[sdiy] Varactor-based VCF

Aaron Lanterman lanterma at ece.gatech.edu
Thu Dec 7 08:19:19 CET 2006


One of my students, Brian, had heard about varactors in his other classes. 
All semester we've been talking about replacing resistors with OTAs or 
Vactrols, and Brian thought it would be interesting to try replacing the 
capacitors. I figured there was a reason varactors weren't popular in this 
application, but I thought it would be an interesting experiment anyway 
just to see what would happen.

Alas, we haven't seem to come up with anything that filters in any 
remotely variable way.

Varactors work by backwards-biasing them; the capacitance allegedly 
changes with the bias. To get interesing C sweeps, you need to swing the 
bias between something like 5 to 14 or therabout volts.

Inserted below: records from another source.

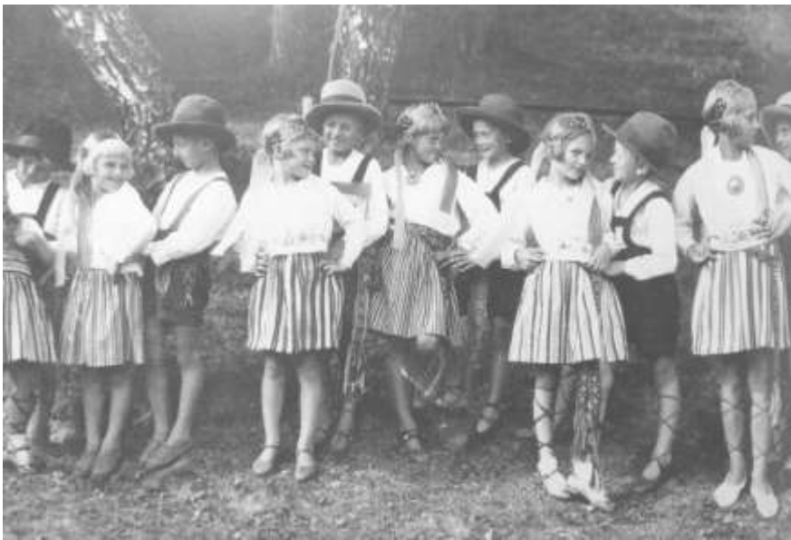
Joonis 18. Väikesed tantsijad u 1920ndatel.

Nende kihelkondade kostüümid olid populaarsed tooteartiklid ARSist tellijate seas. 91 Tellimuste arv kasvas kiiresti ja alguse sai koostöö ERMiga. Kuigi jätkuvalt eelistati tellida saarte kihelkondade rõivad, suudeti tellijaid mõningal määral mõjutada tellima ka oma kodukihelkondade rahvarõivaid.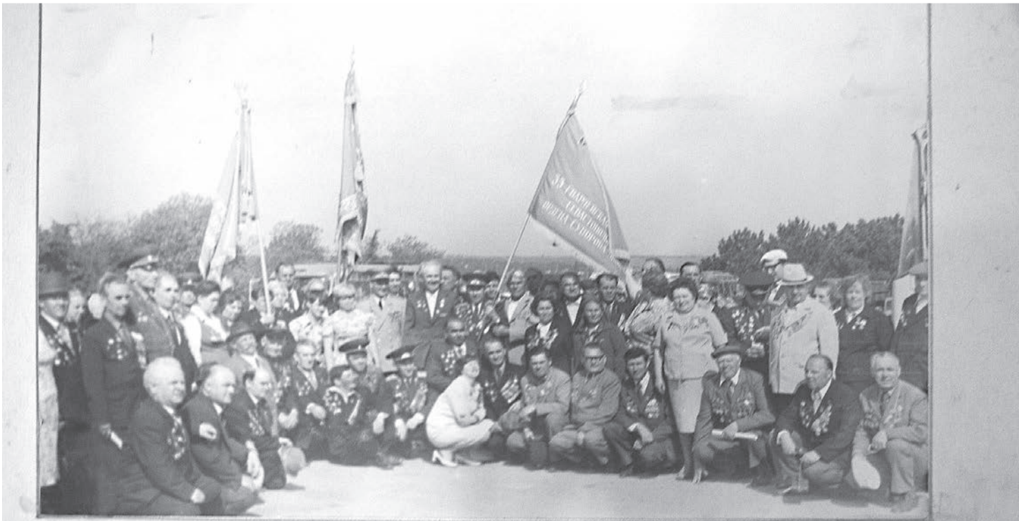
Встреча в г. Севастополе ветеранов 87-й гвардейской Перекопской орденов Красного Знамени и Суворова II ст. дивизии. 9 мая 1984 год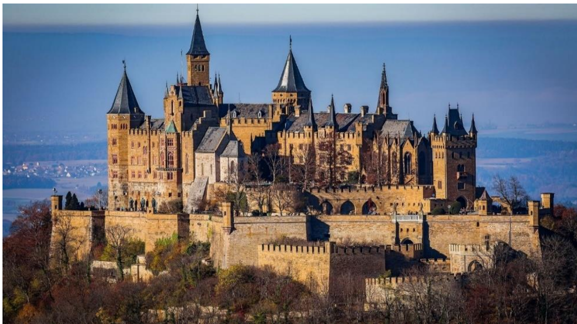
Рисунок 8. Замок Гогенцоллерн в настоящее время

Замок Гогенцоллерн (нем. Burg Hohenzollern) – старинный замок-крепость в Баден-Вюртемберге, находится в 50 километрах южнее Штутгарта, на горе Гогенцоллерн в Швабском Альпе, на высоте 855 метров. Достопримечательность была фамильной вотчиной могущественной династии Гогенцоллернов. На рисунке 8 изображён замок Гогенцоллерн.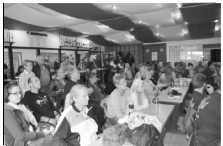
Zahlreiche Zuschauer ließen sich das Topspiel nicht entgehen.

Zahlreiche Zuschauer fanden an diesem Tag den Weg in die DJK-Halle und sorgten so dafür, dass das Jubiläum der Kegelabteilung einen würdigen Rahmen erhielt. Viele ehemalige Kegler, viele DJKler aber auch einige Nichtkegler und Nicht-DJKler haben, durch ihr Kommen, zum Gelingen der Veranstaltung entscheidend beigetragen. Nun freuen sich die Sportkegler der DJK Blau-Weiß Münster auf eine spannende und hoffentlich erfolgreiche Saison, die am kommenden Wochenende starten wird.

One issue is to 
get audio range cutoffs, you need a pretty high resistor (Brian's been 
trying 1 Mohm and 2 Mohm)

I suggested two ideas for him to try, and he's been banging his head on 
both. I'm afraid I may have led him astray, and could use y'alls help.

Brian sent me screenshots of  MultiSim schematics he made of the two 
ideas. The first is 
here:

http://users.ece.gatech.edu:80/~lanterma/Small_Varactor_Circuit.bmp

My idea was to run +CV through one diode set, and then -CV through 
another, to get a Q-point of zero volts inbetween them to feed our signal 
to; and then put the input through the resistor in an R-C structure, 
hoping that the C's at the CV points are then at "AC" ground. (To get 
higher capacitance, he's using a couple varacs in parallel; he bought the 
very last 5 varactors they had at Ack Electronics).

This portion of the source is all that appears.